Animated GIF, loading prioritization screen
Here we’re starting to get to the really bad stuff. When you want to prioritize a discount, which you more or less always want to do if you’re creating an entry level discount (it needs higher priority than any Order level discount, otherwise spooky things happen), you need to click on the top right corner to get to the priority view, where all discounts from all campaigns are flatly loaded and you can sort them in relation to each other.
So as I see it, there are 3 big points to cover here:
.
Or, preferably, when you notice the load time is more than 100 msec.
Performance
As I mentioned before, I follow the 1000/100/16msec model for performance, and any application that can reach these benchmarks is a great user experience. However, I cannot say the same for the Marketing UI. Everything boils down to having many discounts, the more discounts you have the slower this section of epi admin gets. And a list of discounts feels very natural to organically grow, as companies always come up with new discounts.
An extremely common use case is “Daily catch”-discounts. Structured in the most semantic in epi I would say to have one Campaign as a folder for all of the daily discounts and then all the discounts had a short period of active date interval. This approach doesn’t suit the admin performance very well, however.
I won’t show any recording of this for two reasons, 1) the recordings would be of a live production environment to reflect real life examples and 2) I don’t want people here to watch a blank screen for around 100 seconds.
One of the biggest thieves is the prioritization view, as I mentioned above.
This is a screenshot from a customer’s live production environment, when loading the prioritization view. All this time, these 1.7 minutes, you see the text “There are no discounts.” on the screen. And then 2 minutes later a whole bunch of them appear, even the inactive ones.
New in Commerce 10.6
A feature that was added in Commerce 10.6 (I could be wrong, but a fairly new feature there around) was that in the start page view of Marketing, you can see the number of total orders a discount has been redeemed on. There is still the “Redemptions” count, but the difference is that one order can have the same discount redeemed multiple times, so in the case of entry level discounts, the Redemptions and Total Orders numbers can differ.
This led to the starting view in Marketing taking over 80 seconds to load.

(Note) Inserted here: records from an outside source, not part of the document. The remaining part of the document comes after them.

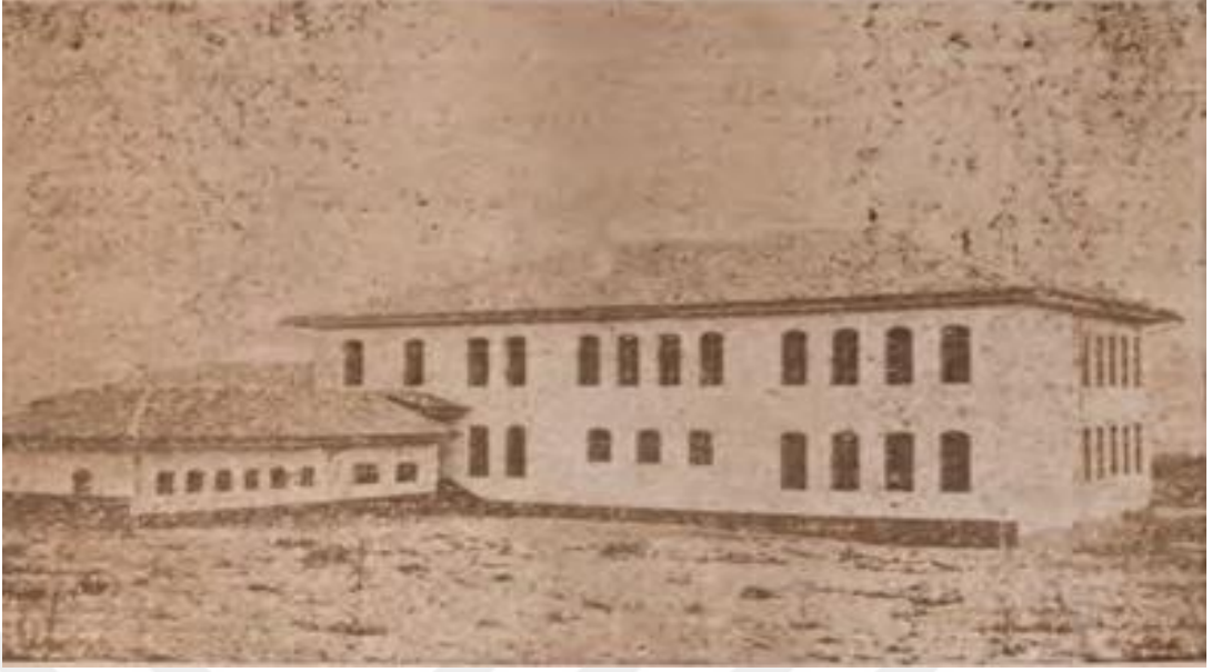
Şekil 13. Askeriye Yatılı Okulu-1939 (Burdur Halkevi Dergisi, C.1, Sayı:3, s.9)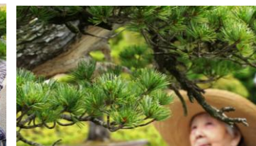
▲いいもの見られたよ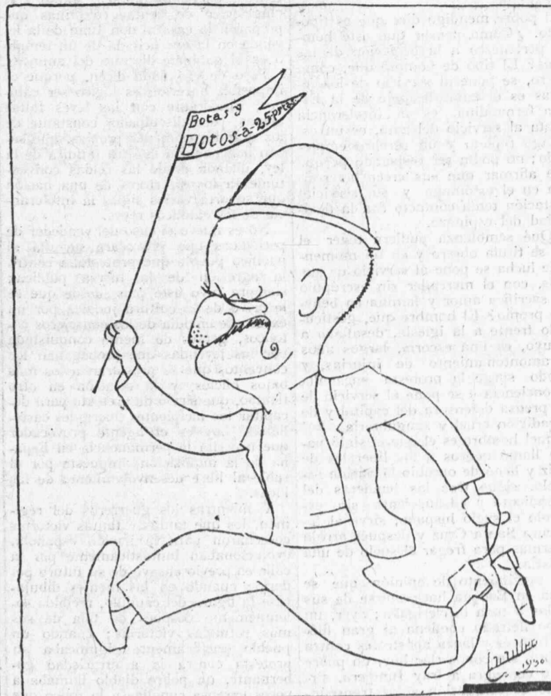
La bandera de paz de Romanones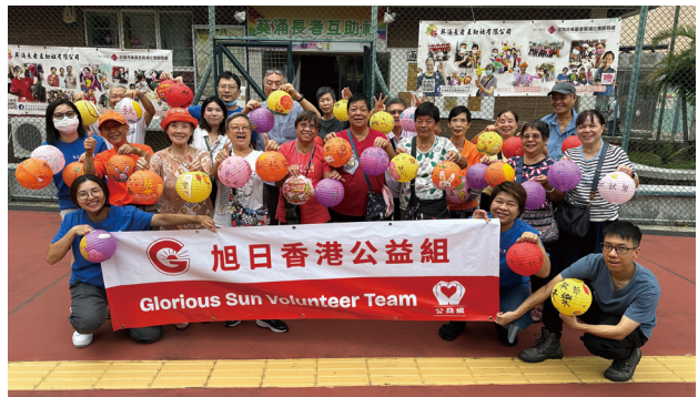
● 本集團香港公益組為長者送上溫暖及關愛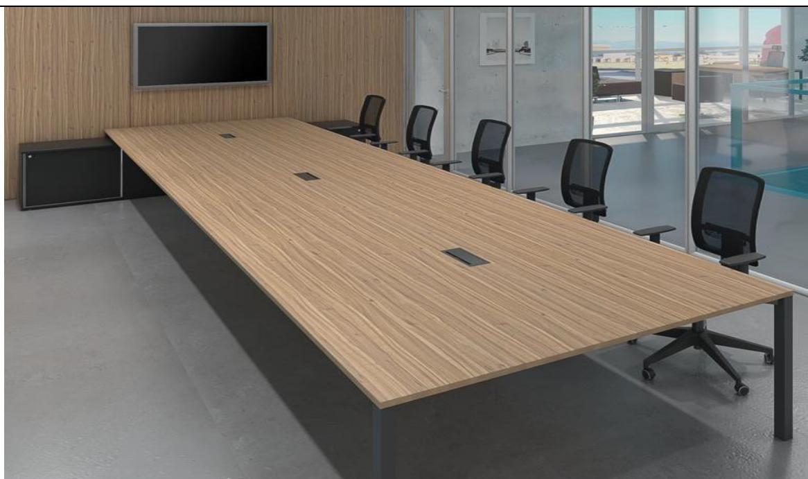
IMAGEM MERAMENTE ILUSTRATIVA PARA A MESA DE REUNIÕES COM PAINEL PARA TV E MÍDIA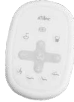
Standart dokunmatik panel

While this was loading, the user saw a blank screen, with the filtering on the left.
Of course, this new incredible load time is reported as a bug to epi as I write this, but I still wanted to include it here for the single reason of promoting a product that takes into consideration not only the best test case, but a system that has been running for years and has had daily discounts almost every day. A product to make the experience as good for end users as for content creators.
We need to think UX for admins too. We need a QA process that makes sure releases/features consider the UX for content editors in Commerce, especially when the UI is freshly made and fairly modern. But, as I started this with, UX is more important than pure UI.